Джаред бы сейчас испачкал свои штаны похлеще, чем в тот раз, когда мы впервые взломали доступ к бесплатному порноканалу из Либертина.

– Яна тоже прикована к инвалидному креслу. С тех пор, как ей исполнилось двадцать пять. Она родилась с редким неврологическим расстройством, известным как «синдром Келлера», которое начало проявляться в позднеподростковом возрасте. В конце концов болезнь обездвижила ее. Когда она представила свой МыслеЧип™ в 2032 году, ее целью было помочь людям, которых парализовало по причине болезни или старости. – На этот раз, когда он улыбнулся, было больше похоже, что он морщится. – Но со временем, кажется, ее амбиции стали только расти. Или, быть может, они были большими все это время. – Он едва дернулся, чтобы вывести на окна новое изображение, старое двухмерное видео, настолько мозаичное, что мне пришлось зажмуриться, чтобы поймать его в фокус. – Это съемка 2038 года, ее последнее публичное выступление. Ей было всего тридцать два, но она уже стала миллиардером дюжину раз.

Яна Рафикова выглядела ужасно, и дело было не только в разрешении. На необъятной и пустой сцене она казалась человеком, сброшенным с высоты, покалеченным по пути вниз, случайно упавшим в прожекторы. Ее ноги были болезненно худыми, как у ребенка, а позвоночник был до того искривлен, что голова впритык прижималась к плечу. Ей пришлось говорить через голосовой аппарат, и все, что я мог разобрать, прежде чем начался перевод, было невнятным шамканьем.

Но затем, спустя долю секунды, реконфигурация ее голоса прогремела по офису Бернхема из окружности скрытых динамиков так громко и чисто, что я аж подпрыгнул.

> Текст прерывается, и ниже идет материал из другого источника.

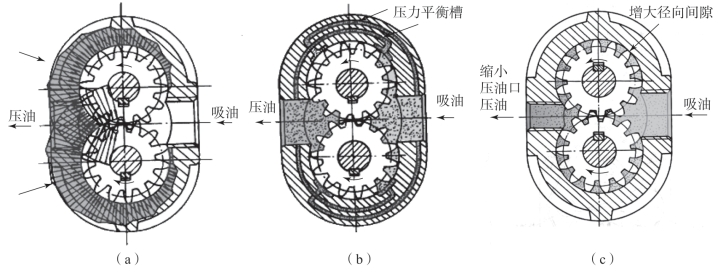 (a)齿轮泵所受不平衡的径向力;(b)齿轮泵的压力平衡槽;(c)减小径向不平衡力的措施
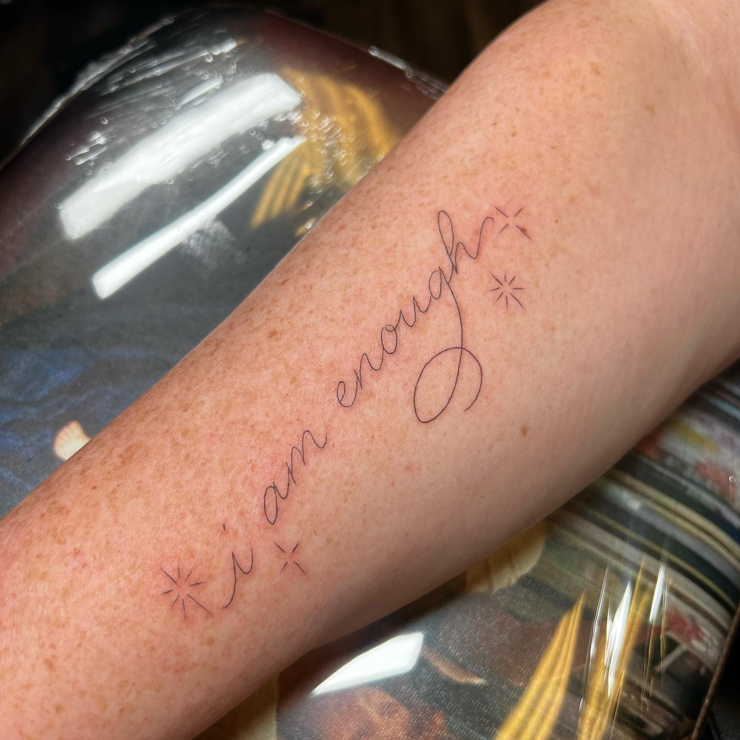 The tattoo features a soft, flowing script that reads “i am enough,” highlighted by small star accents.
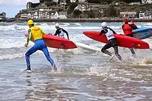- Board Race (Paddle Board) : les sauveteurs s'élancent d'une ligne de départ, rament avec leur planche jusqu'à une ou plusieurs bouées, qui symbolisent un noyé, et reviennent jusqu'à la plage le plus rapidement possible.
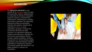 La ingeniería industrial se ocupa del desarrollo, mejora, implementación y evaluación de sistemas integrados que incluyen personas, recursos, conocimientos, equipos, energía y materiales. Los ingenieros industriales utilizan principios de ingeniería y análisis para especificar, predecir y evaluar los resultados de estos sistemas. Trabajan para optimizar procesos como producción, costos, distribución, logística y más, con el objetivo de mejorar la calidad y productividad.
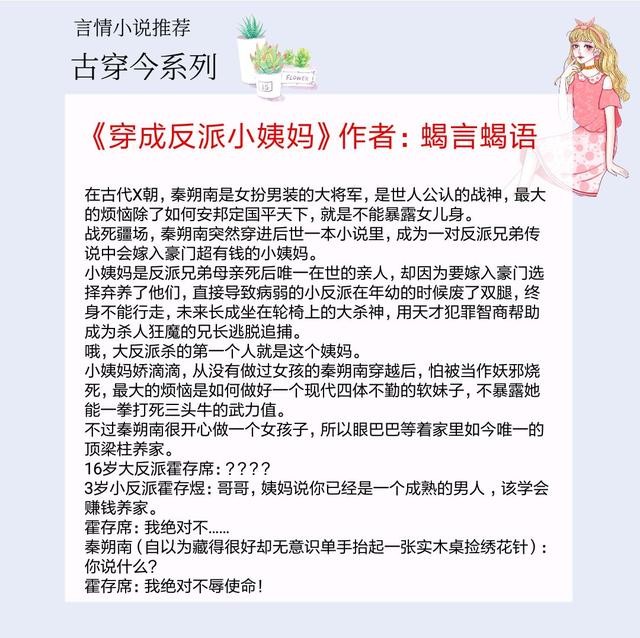 书评:在古代秦朔南是女扮男装的大将军,最大的烦恼除了如何安邦定国平天下,就是不能暴露女儿身。战死疆场,秦朔南穿进现代一本小说里,成为一对报社的的反派兄弟自私虚荣的小姨妈,最大的烦恼不是如何教养好大小反派,督促叛逆的大反派努力赚钱养家,而是如何做好四体不勤的现代女生,不暴露她一拳打死三头牛的武力值。
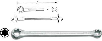 TORX® kettős csillagkulcs, laptáv: E10, laptáv: E12 Jellemzők: Kettős csillagkulcs külső TORX® csavarokhoz · Egyenes · Króm-vanádium-acél · Krómozott felület, polírozott fejek
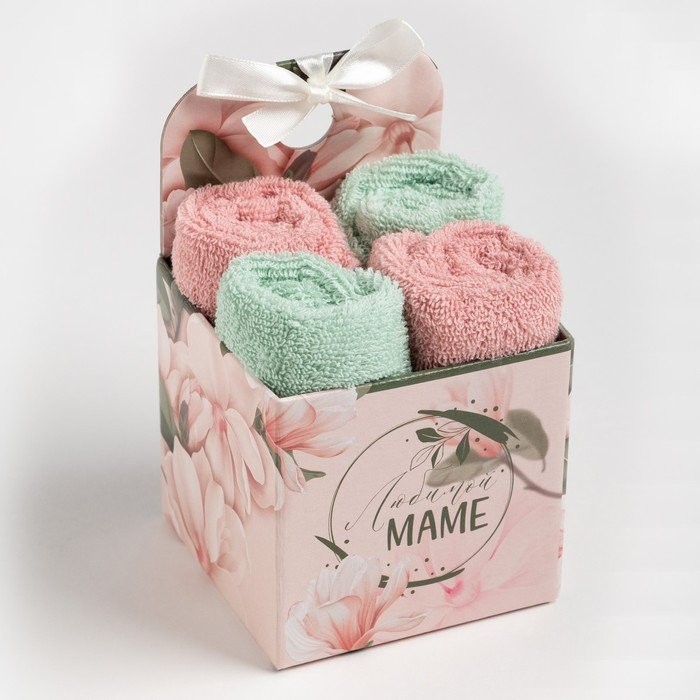 Набор махровых полотенец Этель «Маме» 30×30 см-4шт, 100% хлопок 340 гр/м2
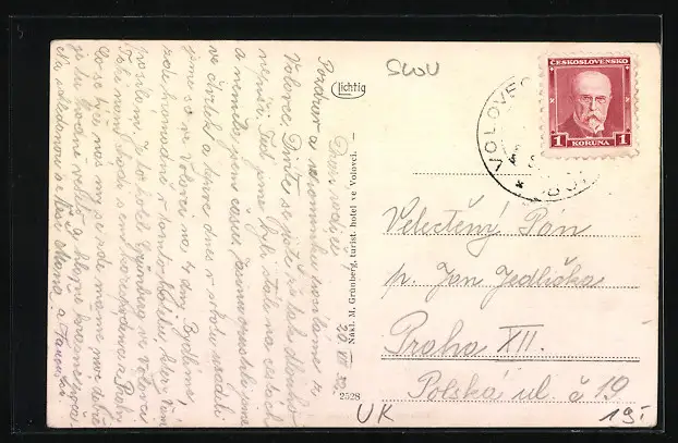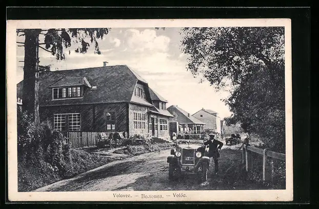 AK Volovec, Strassenpartie mit Automobil und Fahrer
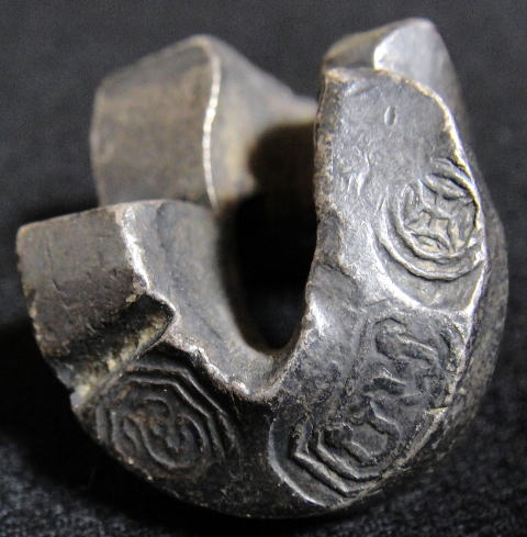 「四つ葉」「Mai(Chiengmai)」「4(ランナー文字)」 61.19 g 銀 1350~1545年 チェンマイ
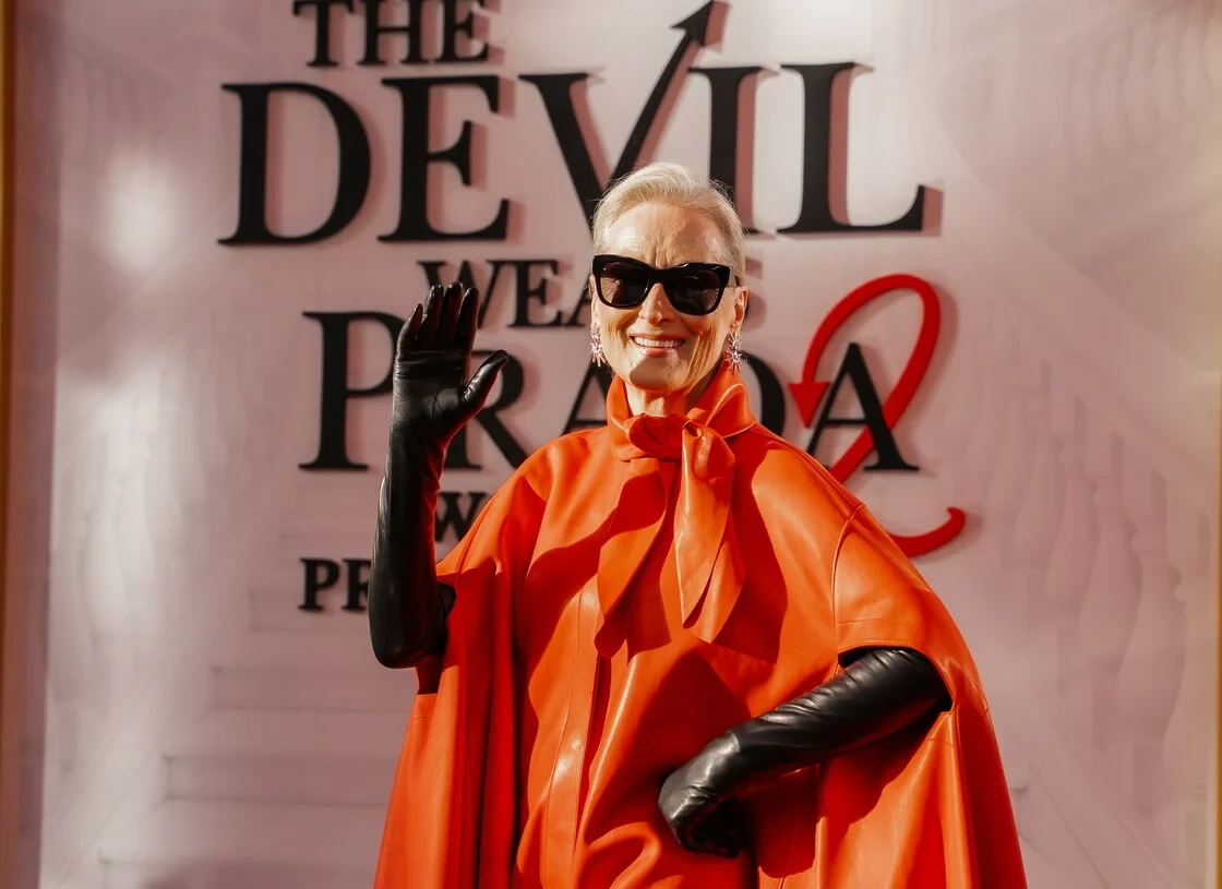 Συγκεκριμένα η ηθοποιός υιοθέτησε μια δραματική αισθητική, επιλέγοντας ένα εντυπωσιακό look σε έντονους κόκκινους τόνους, με ένα φόρεμα- κάπα από τον οίκο Givenchy. Το σύνολο ολοκληρώθηκε με τα χαρακτηριστικά αξεσουάρ της διευθύντριας του περιοδικού “Runway”, όπως τα statement γυαλιά και τα μακριά γάντια.
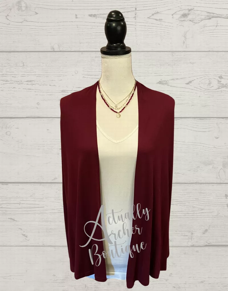 Elevate your wardrobe with this effortlessly chic light burgundy open-front cardigan, a perfect blend of comfort and style. Designed with a relaxed, draped silhouette, this cardigan is crafted from lightweight fabric for all-day comfort. Has an open front with no buttons or zippers, offering a minimalist and modern look. The sleeves are full-length for added warmth and coverage. Made in the USA.
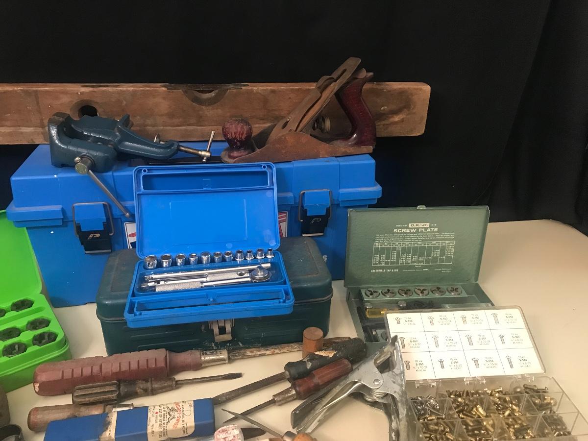 Lot 89: Vintage Tools - Level, Lathe, Leather Working & More
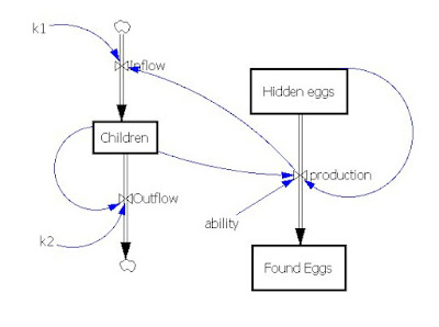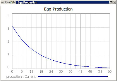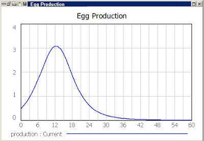 If the k's are kept constant over the production cycle, the shape of the curves generated by this model is exactly the same as with the simplified version, that isa symmetric, bell shaped production curve. Here are the results of a typical run:

– Мы все рабы, – сказала она, и невидимая толпа одобрительно зашумела. Волосы на моих руках встали дыбом. – Мы прикованы к телам, которые предают нас. Я прошу свободы, не больше и не меньше.

Толпа оглушительно ревела – люди скандировали ее имя, топали ногами, казалось, стекались со всех углов офиса Бернхема; она росла с волнами звука, звенящего из теней.

Внезапно видео оборвалось, и взору открылся вид на Кранч 407 – на этот раз реальный вид. За то короткое время, что я находился в Первом Централе, разразилась пыльная буря, которая оставила осадок на оконных стеклах.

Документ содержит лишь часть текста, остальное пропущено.